WHAT IS NEEDED: Wherever the line that contains "鶴見製紙株式会社が製造するト" falls, repeat it and the lines after it exactly until the records end, without any pictures.

(Records from a collection)
──────

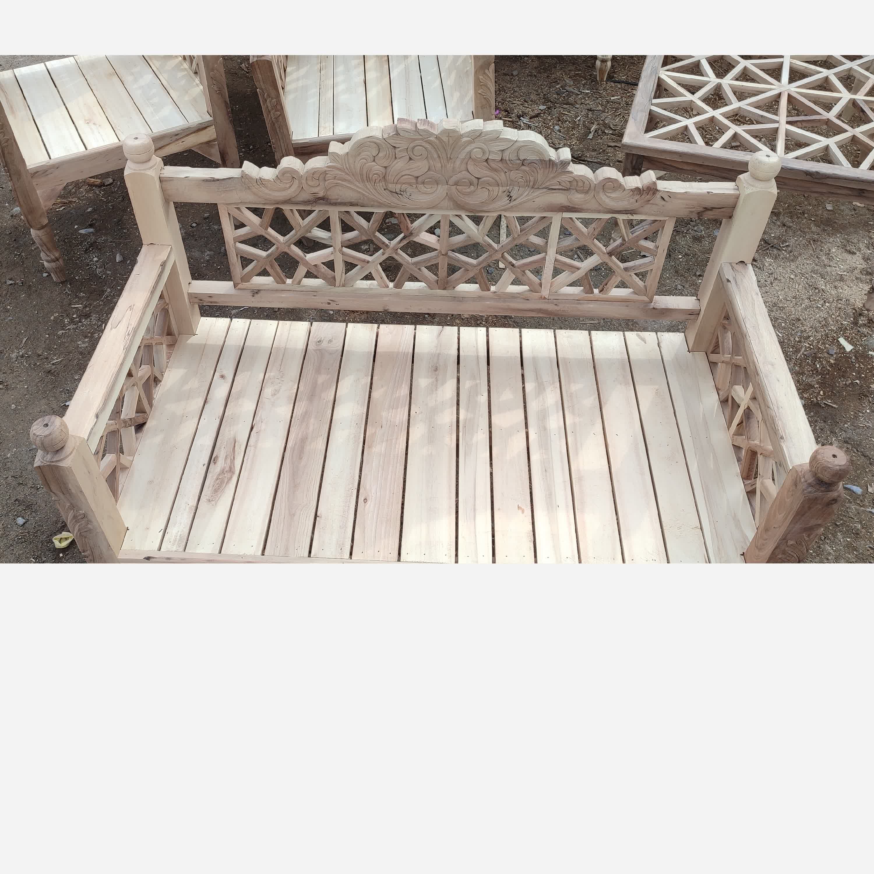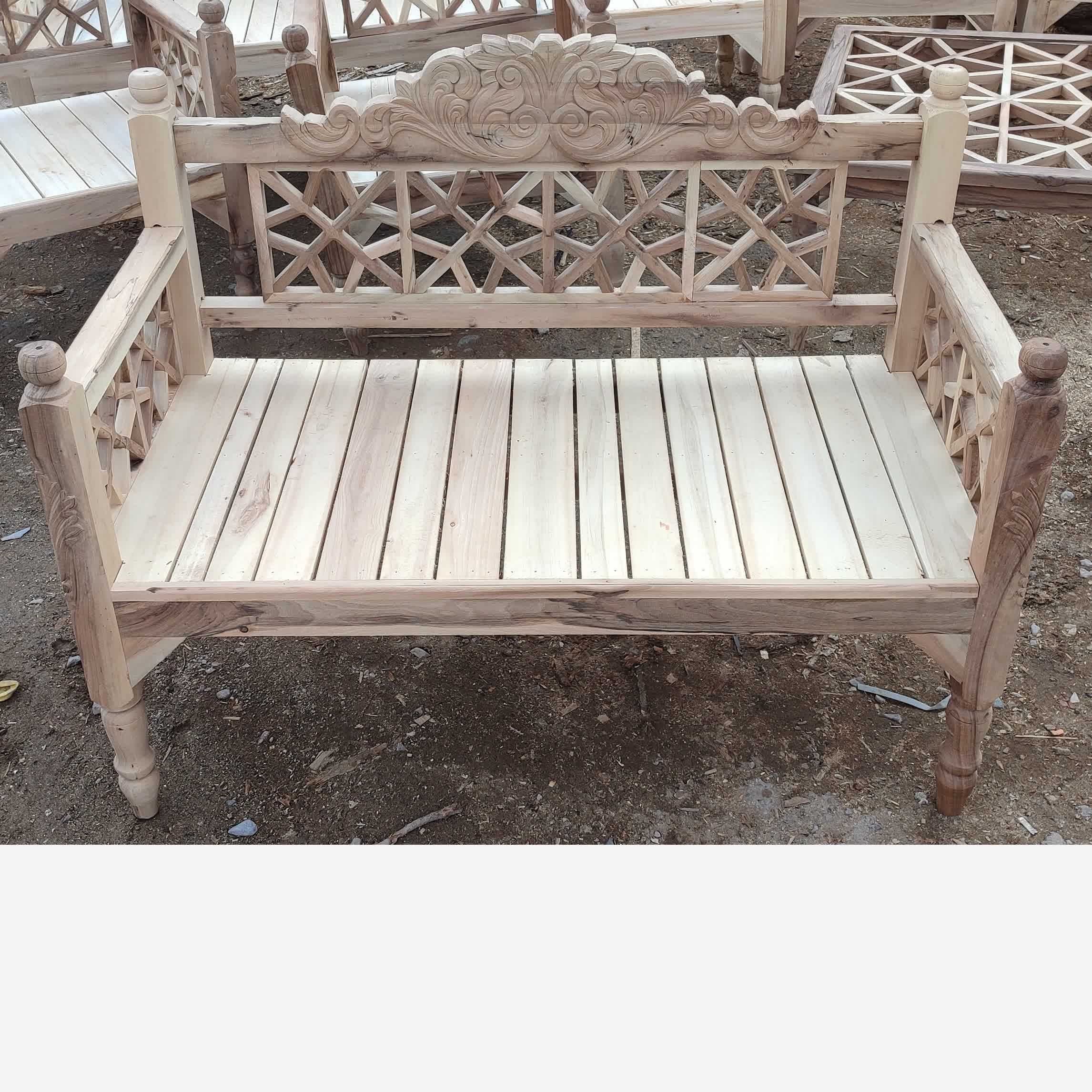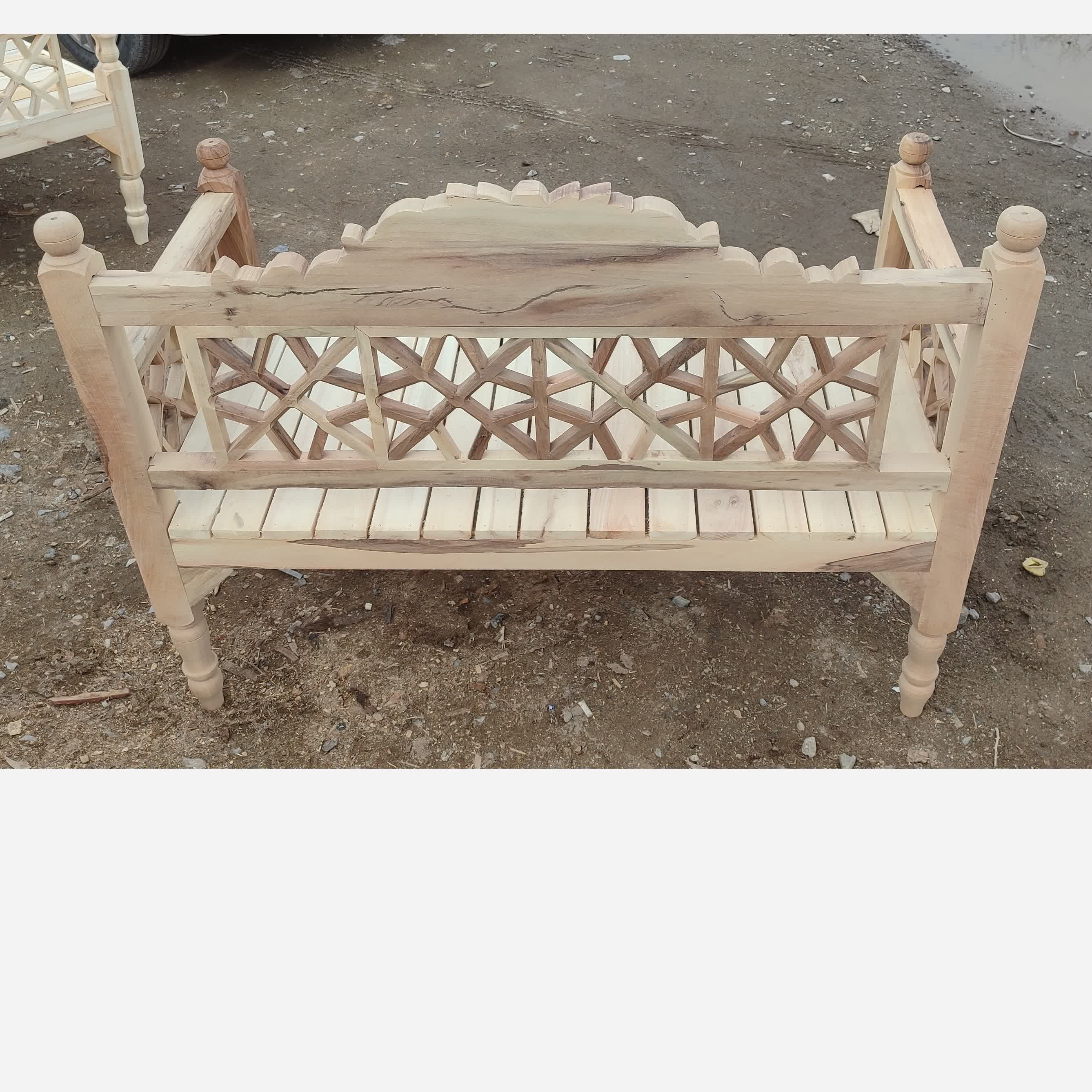 نیمکت دونفره چوبی ساخته شده از چوب گردو در سه طرف این نیمکت مشبک کاری انجام شده پایه های نیمکت هم خراطی شده هم دارای منبت کاری میباشد درضمن نیمکت دارای تاج منبت کاری هم هست تمامی منبت کاری ها و مشبک کاری ها کار دست میباشد که ارزش بالایی دارد کیفیت را از ما بخواهید
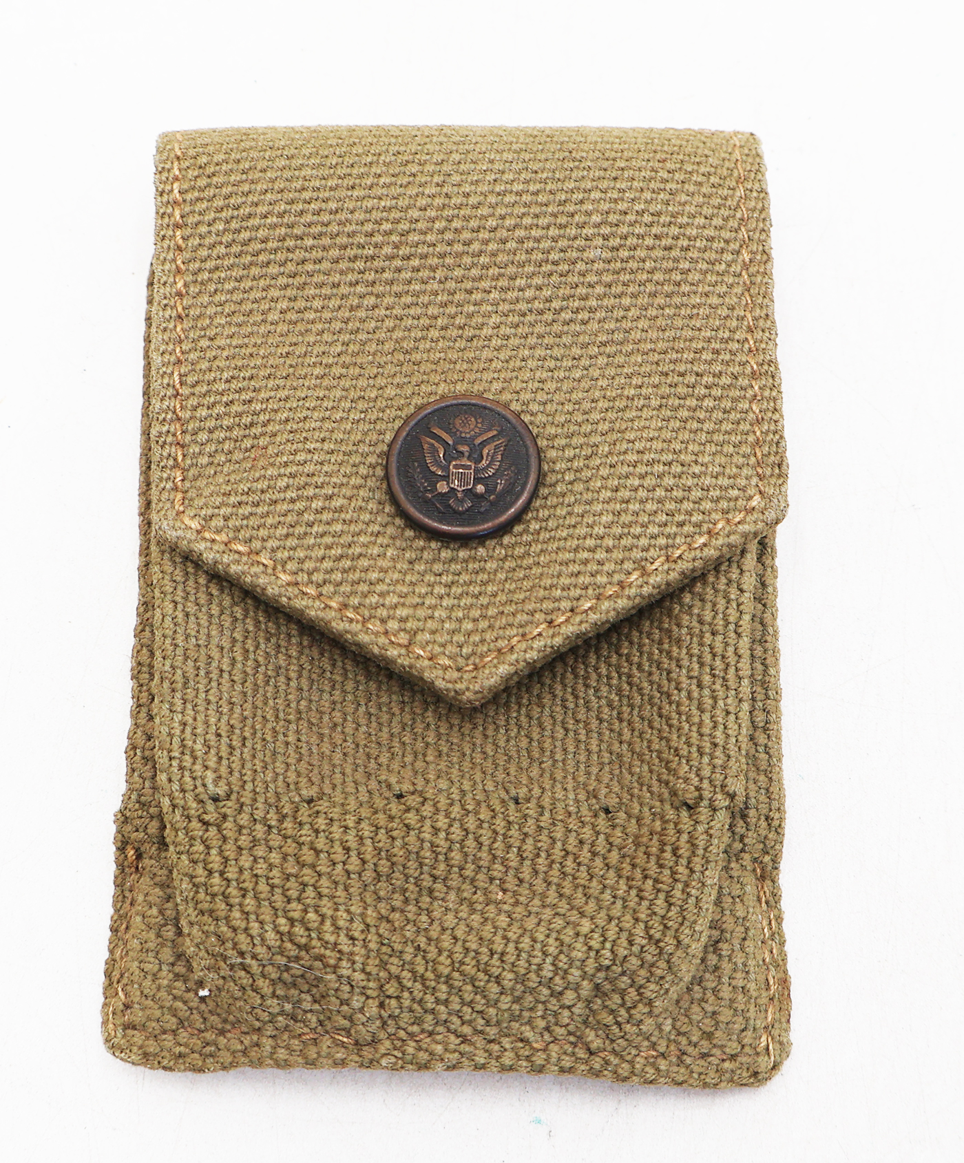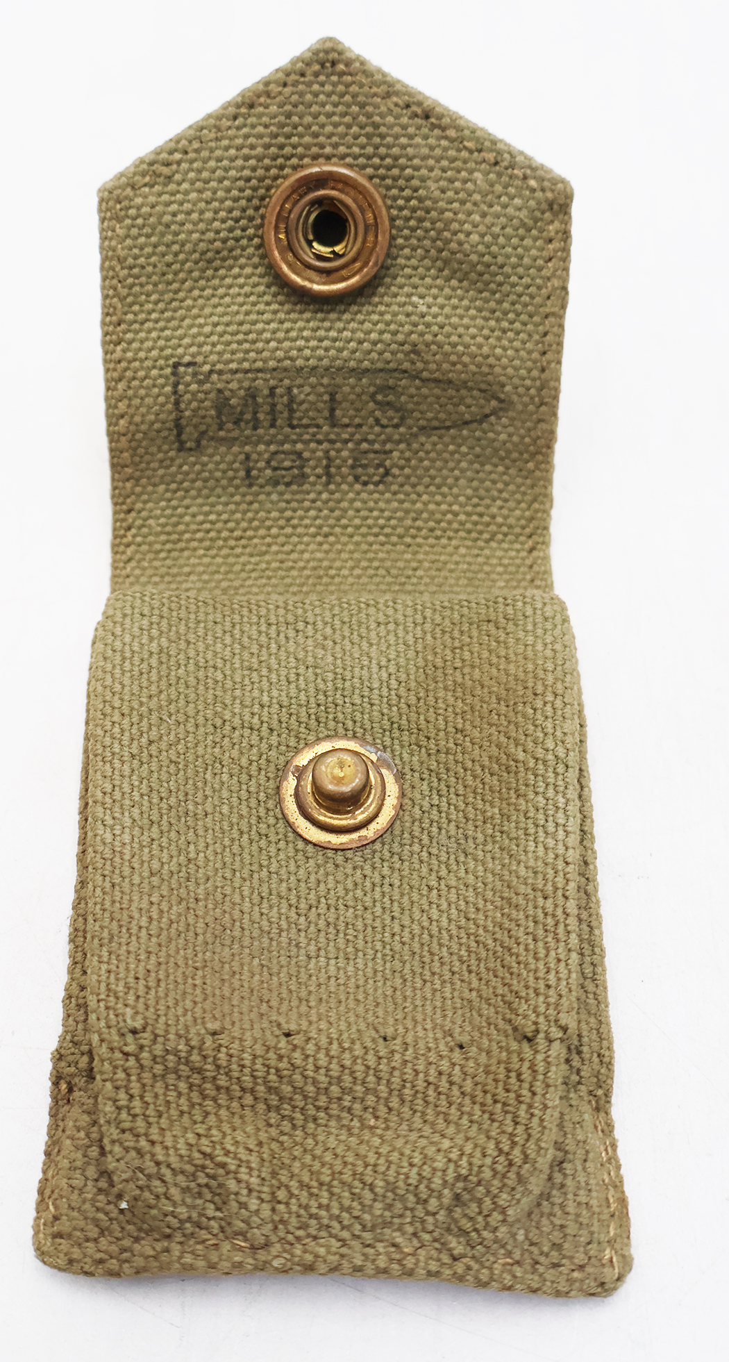 WWI era M1910 Pea Green Garrison Belt Ammo Pouch in unissued condition. The green cotton/canvas material is clean with no staining or any damage. The snap is very clean and undamaged. The pouch is marked MILLS 1915. Would be hard to find one in better condition.
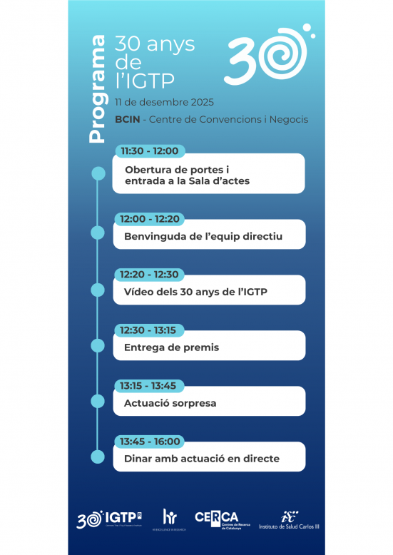 L’IGTP us convida a l'aperitiu de Nadal d'aquest any per la celebració del seu 30è aniversari. Aquesta fita ha estat possible gràcies a tots i totes vosaltres, i ens encantaria comptar amb la vostra presència. Descobreix més sobre la nostra història i el 30è aniversari aquí.
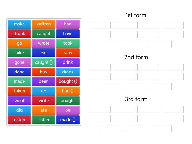 1st form: go, make, take, have, buy, drink, eat, write, do, be, catch, 2nd form: went, made, took, had, bought, drank, ate, wrote, did, was, caught, 3rd form: gone, made (), taken, had (), bought (), drunk, eaten, written, done, been, caught (),
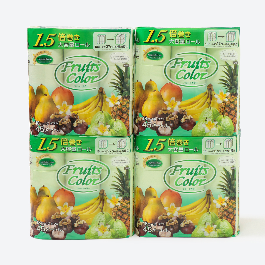 鶴見製紙株式会社が製造するトイレットペーパー『フルーツカラー18ロールトロピカルフルーツ』の4パックセットです。
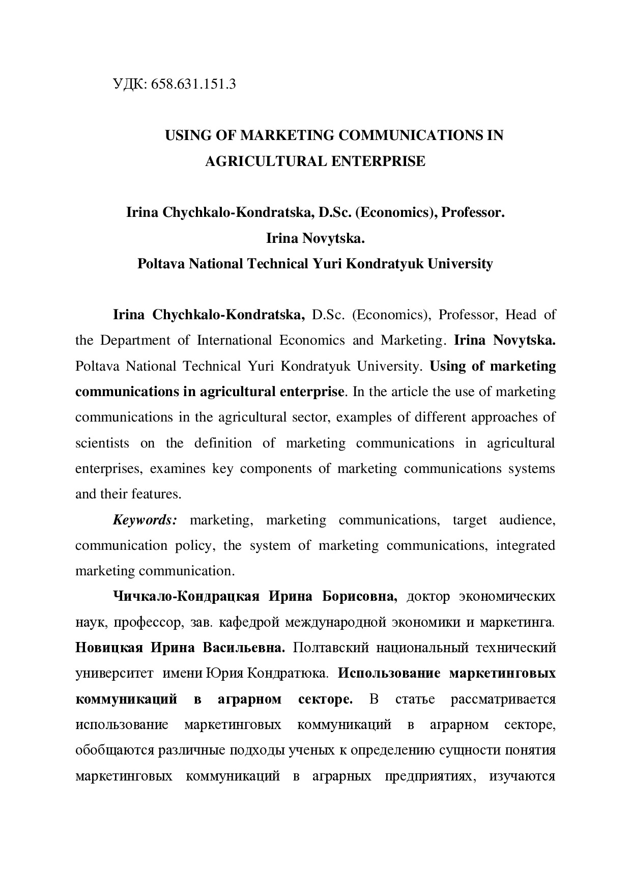 Using of marketing communications in agricultural enterprise
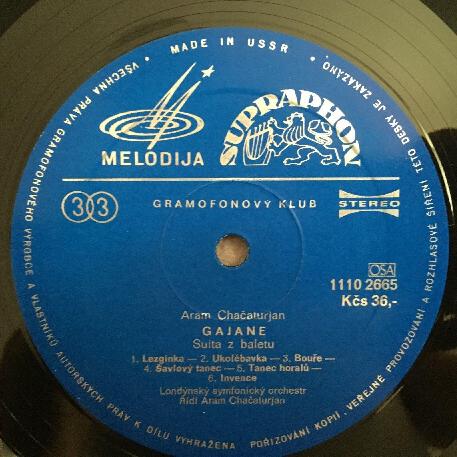 P487 Khachaturian Spartacus Gajane Supraphon 1110 2665 Stereo

──────

EXPECTED OUTPUT:
 鶴見製紙株式会社が製造するトイレットペーパー『フルーツカラー18ロールトロピカルフルーツ』の4パックセットです。
 Using of marketing communications in agricultural enterprise
 P487 Khachaturian Spartacus Gajane Supraphon 1110 2665 Stereo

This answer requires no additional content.